Integration with Google Cloud
Note: We’re currently working on adding latest containers to GKE and Vertex AI to run Google Gemma 2 efficiently. We are going to update this section as soon because the containers can be found.
Positive-tuning with 🤗 TRL
Training LLMs could be technically and computationally difficult. On this section, we’ll have a look at the tools available within the Hugging Face ecosystem to efficiently train Gemma on consumer-size GPUs
An example command to fine-tune Gemma on OpenAssistant’s chat dataset could be found below. We use 4-bit quantization and QLoRA to conserve memory to focus on all the eye blocks’ linear layers. Note that, unlike dense transformers, one mustn’t goal the MLP layers as they’re sparse and don’t interact well with PEFT.
First, install the nightly version of 🤗 TRL and clone the repo to access the training script:
pip install "transformers>=4.42.3" --upgrade
pip install --upgrade bitsandbytes
pip install --ugprade peft
pip install git+https:
git clone https:
cd trl
Then you definitely can run the script:
python
examples/scripts/sft.py
--model_name google/gemma-2-27b
--dataset_name OpenAssistant/oasst_top1_2023-08-25
--dataset_text_field="text"
--per_device_train_batch_size 1
--per_device_eval_batch_size 1
--gradient_accumulation_steps 4
--learning_rate 2e-4
--report_to wandb
--bf16
--max_seq_length 1024
--lora_r 16 --lora_alpha 32
--lora_target_modules q_proj k_proj v_proj o_proj
--load_in_4bit
--use_peft
--attn_implementation eager
--logging_steps=10
--gradient_checkpointing
--output_dir models/gemma2
If you’ve got more GPUs to spare, you’ll be able to run training with DeepSpeed and ZeRO Stage 3:
speed up launch --config_file=examples/accelerate_configs/deepspeed_zero3.yaml
examples/scripts/sft.py
--model_name google/gemma-2-27b
--dataset_name OpenAssistant/oasst_top1_2023-08-25
--dataset_text_field="text"
--per_device_train_batch_size 1
--per_device_eval_batch_size 1
--gradient_accumulation_steps 4
--learning_rate 2e-5
--report_to wandb
--bf16
--max_seq_length 1024
--attn_implementation eager
--logging_steps=10
--gradient_checkpointing
--output_dir models/gemma2
Integration with Inference Endpoints
You’ll be able to deploy Gemma 2 on Hugging Face’s Inference Endpoints using Text Generation Inference because the backend. Text Generation Inference is a production-ready inference container developed by Hugging Face to enable easy deployment of enormous language models. It has features similar to continuous batching, token streaming, tensor parallelism for fast inference on multiple GPUs, and production-ready logging and tracing.

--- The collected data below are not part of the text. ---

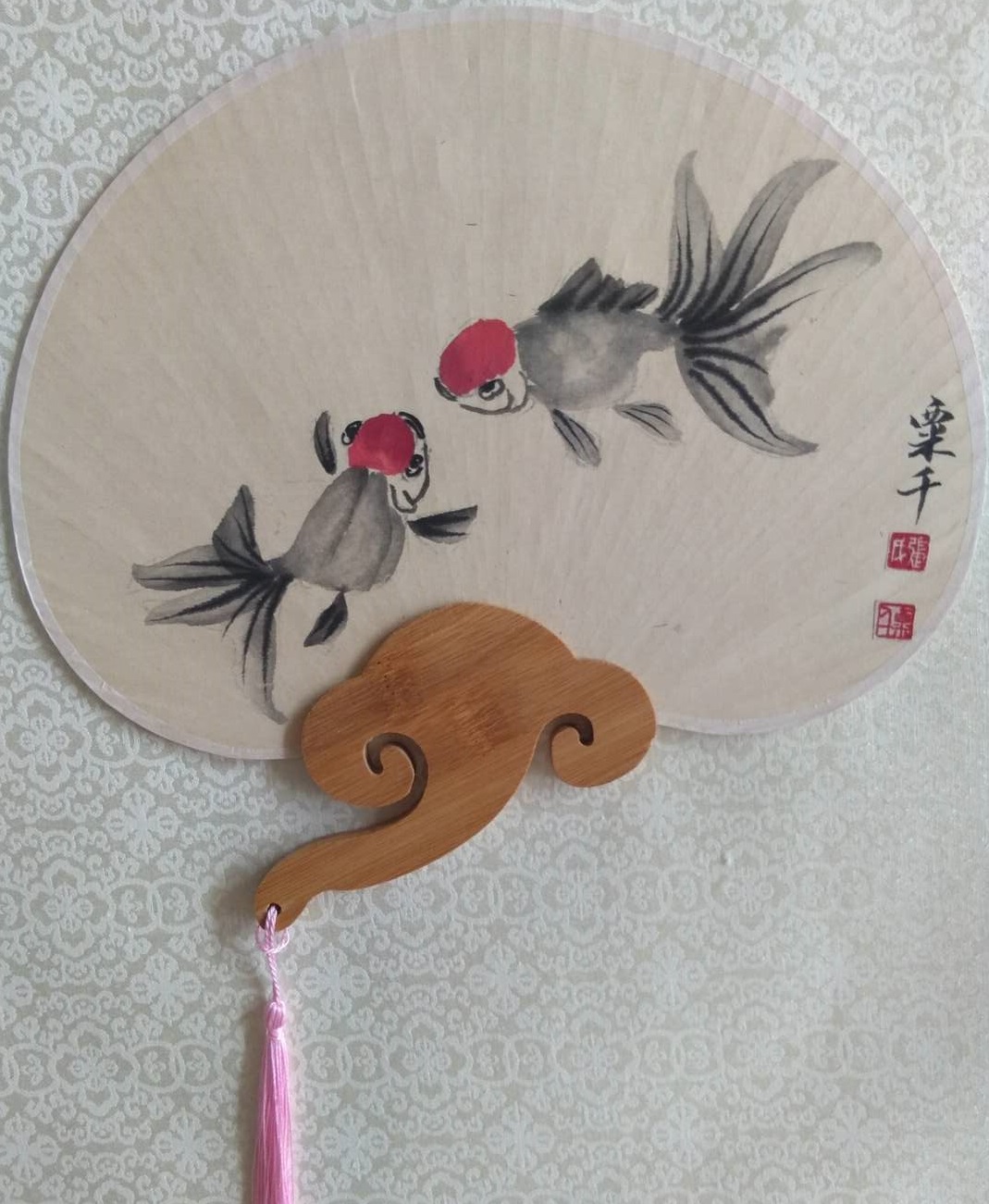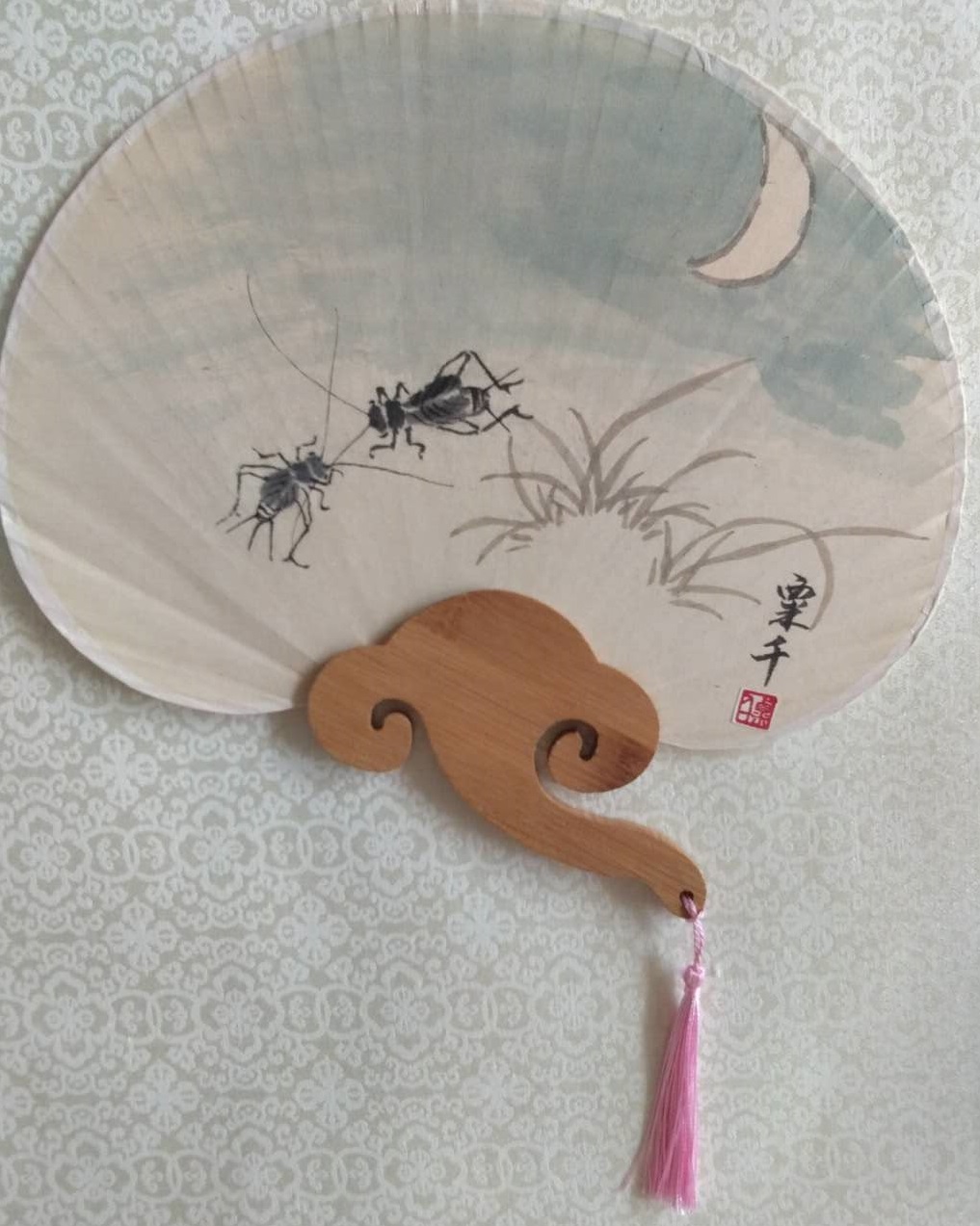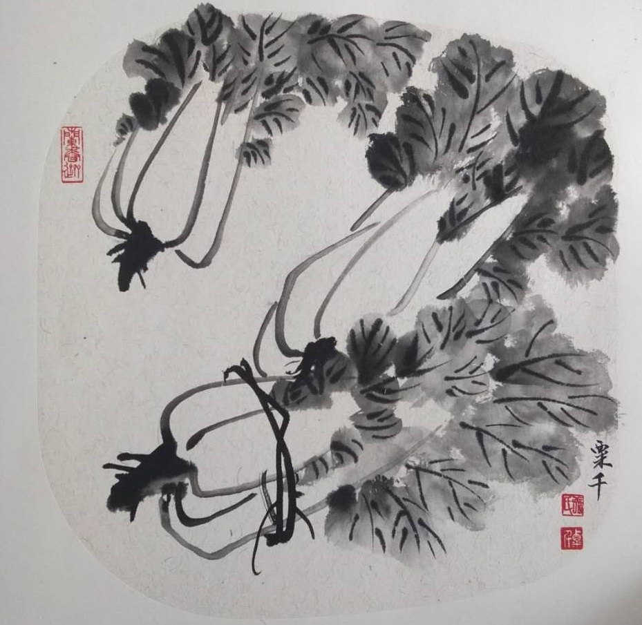 说到这里,我就得谈谈她画的意境。她的画不是简单的花鸟,而是每一件都想告诉我们一些生活的什么,贵重的不是金钱,也不是权力,而是生活的自由和品质的高洁。譬如:《淡泊》装在花瓶中的荷花,洁白无瑕,但瓶却不是顿在居室之中,而是顿在野地,更为奇怪的是却有花瓣掉落,枝叶在地,叶片上还有蜗牛,不紧不慢不骄不躁地爬着。这一切在告诉我们,高洁的莲花被人们折去插在花瓶中,那不是爱花,而是一种伤害,所以掉落了花瓣,花瓶顿在野地,那是一种回归自然的希望,所以蜗牛爬在叶上,透露的仍然是自然的信息,一切只有回归自然,才能得到真正的幸福。同时,也从另外一个角度告诉我们,要珍惜眼前,圣洁的莲花被折插花瓶,已经掉落一些花瓣,蜗牛爬上残叶,被人遗忘在野地,尚且保持它的洁白无瑕尽情绽放,我们有何不能理解生活的无奈和无边无际的艰辛,我们得到的自由和我们敢爱敢恨的思想就是幸福。再来说《困惑》,画面中只画了一个鸟笼挂在绳上,一只鸟飞来看望鸟笼内的鸟,仿若窃窃私语,又仿若是在问候,下方则留出大面积的空白。是的,笼外的鸟不理解关在笼内的黄莺,尽管婉转百鸣,那是一种不自由的生活,同样笼内的鸟也不理解笼外鸟,衣来伸手饭来张口的生活不过,却要去那么辛苦的奋斗,由此,让我想到钱钟书的《围城》,人生本来就是围城,笼外的想进入笼内去,笼内的想冲出来,或者是两种根本就不相互理解,一个对一个排斥,世事万物自有规律,不理解则生困惑,困惑源于心,心静则平。《恬淡无人见》也是一幅很有生活哲理的画作,生活本来就是萝卜茄子油盐酱醋茶的生活,画面中只画了萝卜、茄子、竹笋、藕和莲蓬几种静物,充满了生活况味,每天上上班,然后买买蔬菜,做做饭,与家人一起品尝家宴,看起来生活平淡,但是却充满了知足。平淡是真,淡泊无求,人生际遇在于自我,心灵高洁淡泊也是一种幸福。另外,《寂寞开无主》中藤萝繁花盛开,蛐蛐却有离开之意,《富贵花期若早来》中牡丹盛开,虽有蝴蝶光顾,却毕竟是插在瓶中之花,即将凋谢,都有着淡淡的愁怨。《夜阑风静得香迟》画得细腻,花冠硕大,但毕竟是在夜中,待发现的时候,也是很晚了;《无处著清香》则是一株狂放的牡丹,浓香袭人,单只蝴蝶近身,形成了强烈的反差,身在这个经济社会,艳俗到处都是,要得一点清香何其艰难?画之生活领悟暗藏其中了,我们求的其实只是简简单单的生活,哲理在淡泊中无限放大。
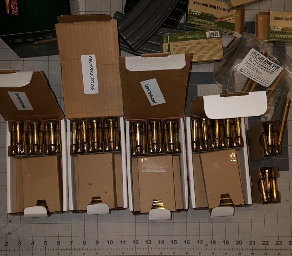 Hmmm . . . 3000 plus rounds of 5.56 – stripper clips – some empty mags – cardboard sleeves – a new Caldwell loader to play with – I believe brothers and sisters – I believe – LMAO !! – I believe I can manage to stay out of the weather and trouble for a little bit at least . . .
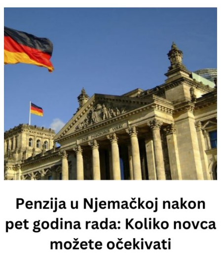 Ogroman broj ljudi sa zapadnog Balkana odlazi u Njemačku gdje pokušavaju da izgrade život dostojam čovjeka. U ovoj državi se penzija može ostvariti nakon pet godina radnog odnosa.
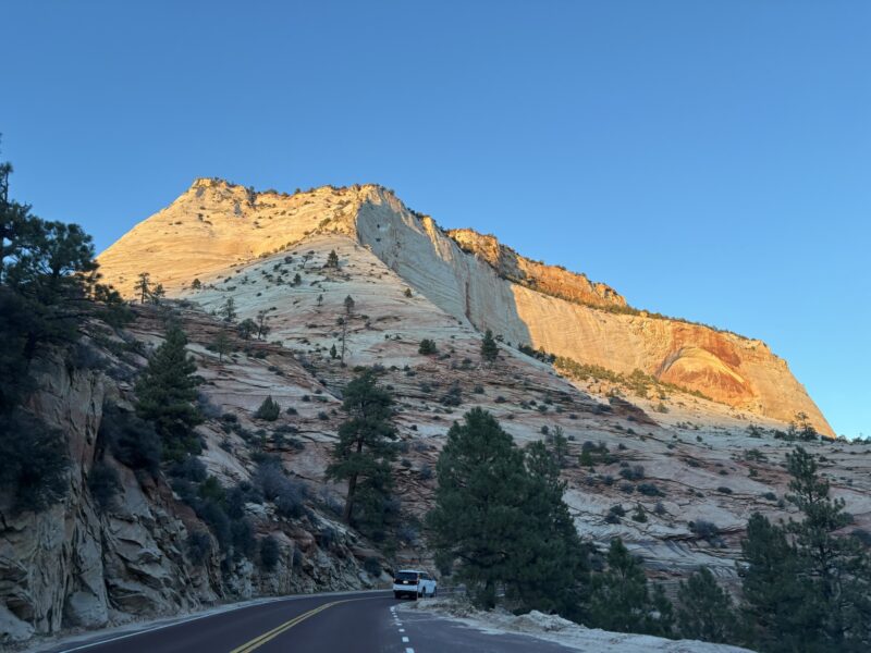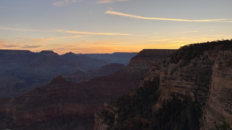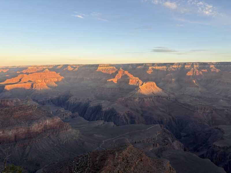 木などの障害物も多く、想像したよりは日の出向きのポイントではありませんでしたが、朝日に照らされる渓谷の、色の移ろいが美しく、素晴らしい景色を見ることができました。(朝日をしっかりと見たい場合は、Mather Pointのほうが良いかもしれません。)
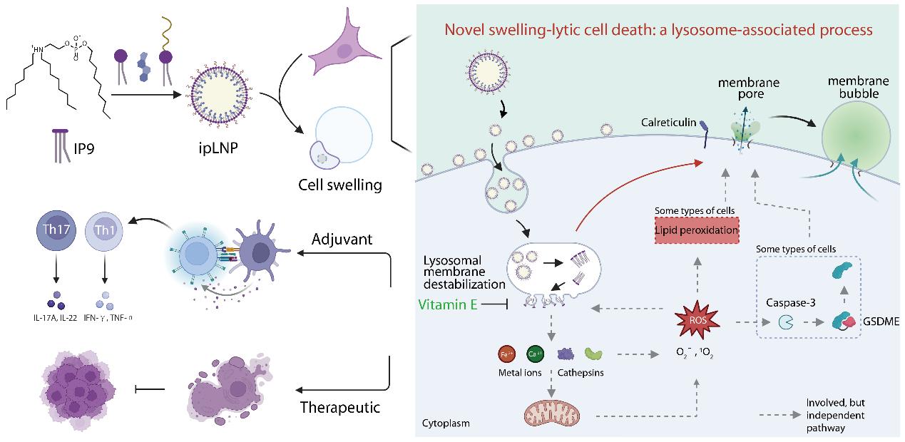 相关成果以Novel Swelling-Lytic Cell Death Triggered by Cargo-Free Ionizable Lipid Nanoparticles为题,近期发表于国际知名学术期刊《Advanced Science》(IF=14.1,一区TOP)。完美网页版为论文第一完成单位,完美网页版生命科学学院吴军军副教授、硕士生赵振男、硕士生吴鸿生以及泉州第一医院林思煌为论文的共同第一作者,完美网页版欧阳松应教授和泉州第一医院郑理玲教授为论文通讯作者。该研究得到了国家自然科学基金以及福建省自然科学基金等项目资助。
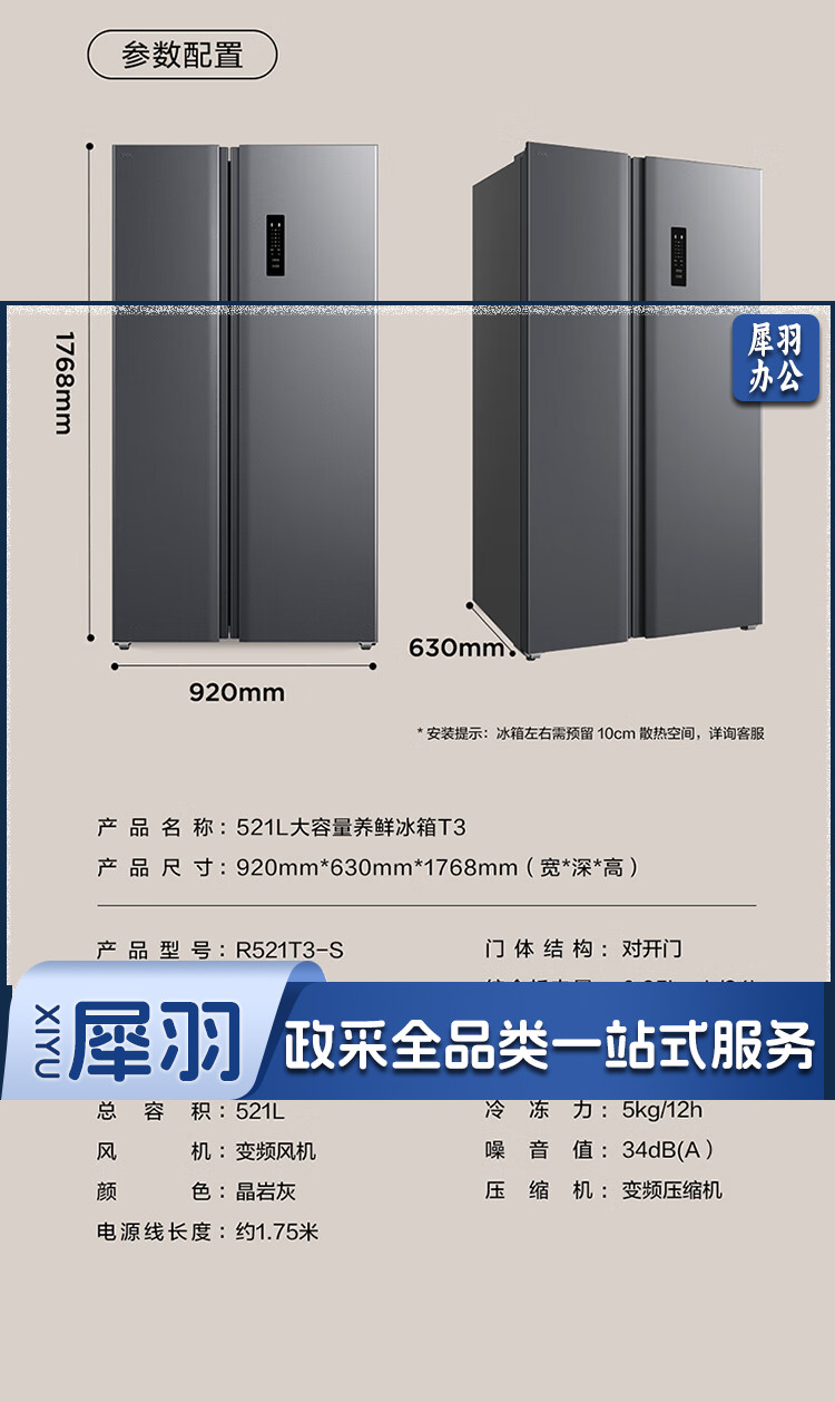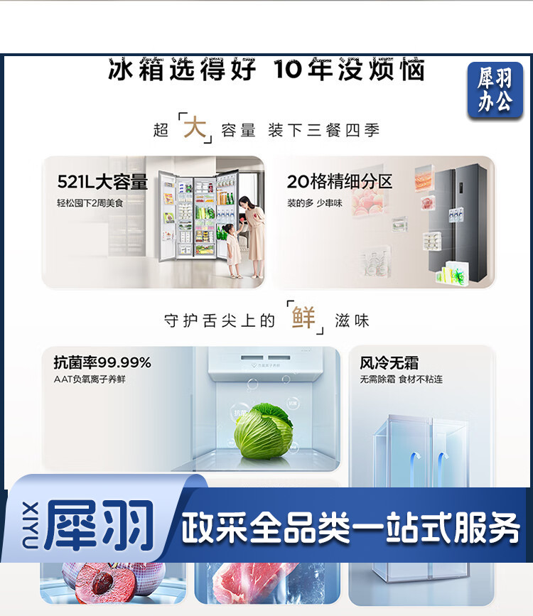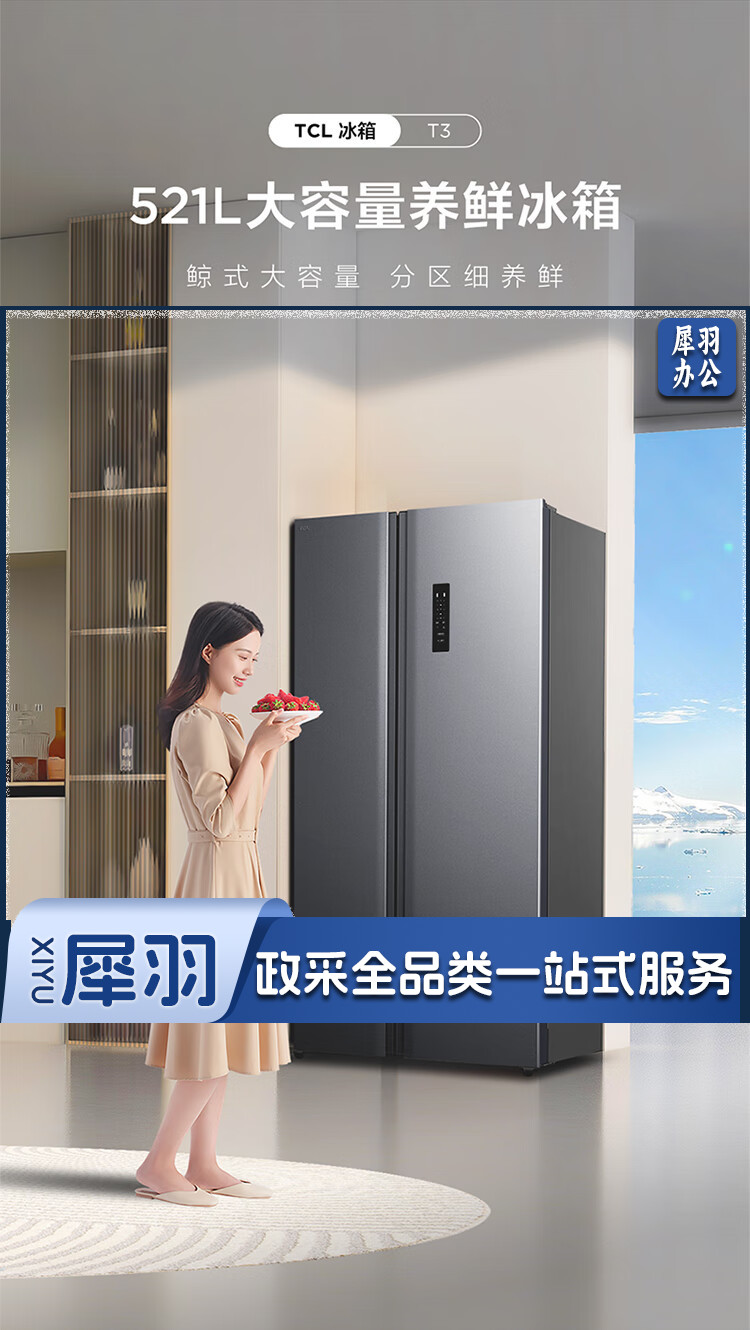 TCL 521升T3大容量分区养鲜冰箱对开门双开门超薄嵌入一级能效 风冷无霜 双变频家用电冰箱R521T3-S
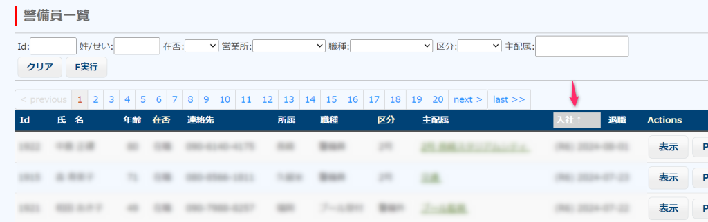 フィルター機能とソート機能は、警備員一覧だけではなく、他の多くの一覧表示のときも使えます。
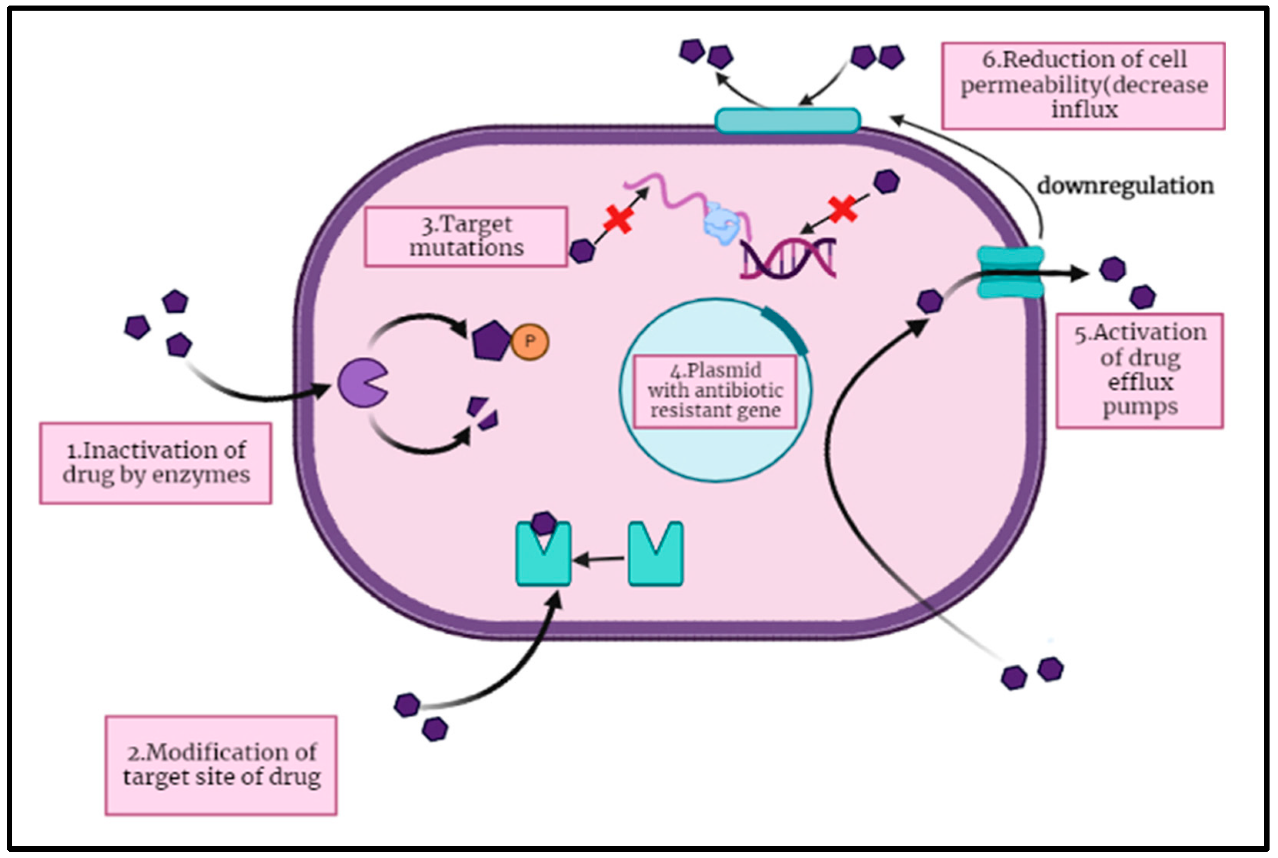 Antibiotics are a class of antimicrobial agents used to prevent and treat bacterial infections. These drugs either kill bacteria (bactericidal) or inhibit their growth (bacteriostatic) by targeting essential bacterial structures and processes, such as cell wall synthesis, protein synthesis, DNA replication, or metabolic pathways [1]. Since the discovery of penicillin by Alexander Fleming in 1928, antibiotics have revolutionized modern medicine, saving millions of lives by effectively treating infectious diseases. Antibiotic resistance is the ability of bacteria to survive and multiply despite the presence of antibiotics that were once effective against them. This occurs when bacteria develop genetic changes or acquire resistance genes from other bacteria, allowing them to neutralize or evade the drug’s effects. As a result, infections caused by resistant bacteria become more difficult to treat, leading to longer illnesses, higher medical costs, and increased mortality rates [2]. Over the years, antibiotic resistance has emerged as a serious global health concern, primarily driven by the overuse and misuse of antibiotics in human medicine, veterinary practice, and agriculture. The rapid spread of multidrug-resistant (MDR) bacteria threatens the efficacy of existing antibiotics, raising the possibility of a post-antibiotic era where common infections become untreatable. Without urgent action, antibiotic resistance could undermine decades of medical advancements, making even routine surgeries, cancer treatments, and organ transplants increasingly risky. Antibiotic resistance occurs when bacteria evolve mechanisms to withstand the effects of antibiotics that were once effective against them. This phenomenon arises due to genetic mutations or the acquisition of resistance genes through horizontal gene transfer. Resistant bacteria can survive antibiotic exposure, multiply, and spread, making infections harder to treat. The development of antibiotic resistance is driven by several factors, including overuse, misuse, and inappropriate prescribing of antibiotics. Additionally, inadequate infection control measures, poor hygiene, and insufficient surveillance systems contribute to the rapid spread of resistant bacteria across communities, hospitals, and the environment [3,4]. The aim of this review is to understand antibiotic resistance from a pharmacological perspective. It will explore the mechanisms by which bacteria develop resistance to antibiotics, including enzymatic degradation, target modification, efflux pumps, and biofilm formation. Additionally, the review will discuss the pharmacokinetics and pharmacodynamics of antibiotics, how misuse and overuse contribute to resistance and the role of novel drug development in overcoming resistance. It will also highlight strategies to combat resistance, such as combination therapy, antibiotic stewardship, and alternative therapies like bacteriophages and antimicrobial peptides.

To deploy a Gemma 2 model, go to the model page and click on on the Deploy -> Inference Endpoints widget. Inference Endpoints supports OpenAI compatible Messages API that lets you switch from one other closed model to an open one by simply changing the URL.
from openai import OpenAI
client = OpenAI(
base_url="" + "/v1/",
api_key="" ,
)
chat_completion = client.chat.completions.create(
model="tgi",
messages=[
{"role": "user", "content": "Why is open-source software important?"},
],
stream=True,
max_tokens=500
)
for message in chat_completion:
print(message.decisions[0].delta.content, end="")
Additional Resources
Acknowledgments
Releasing such models with support and evaluations within the ecosystem wouldn’t be possible without the contributions of many community members, including Clémentine and Nathan for LLM evaluations; Nicolas for Text Generation Inference Support; Arthur, Sanchit, Joao, and Lysandre for integrating Gemma 2 into transformers; Nathan and Victor for making Gemma 2 available in Hugging Chat.
And Thanks to the Google Team for releasing Gemma 2 and making it available to the open-source AI community!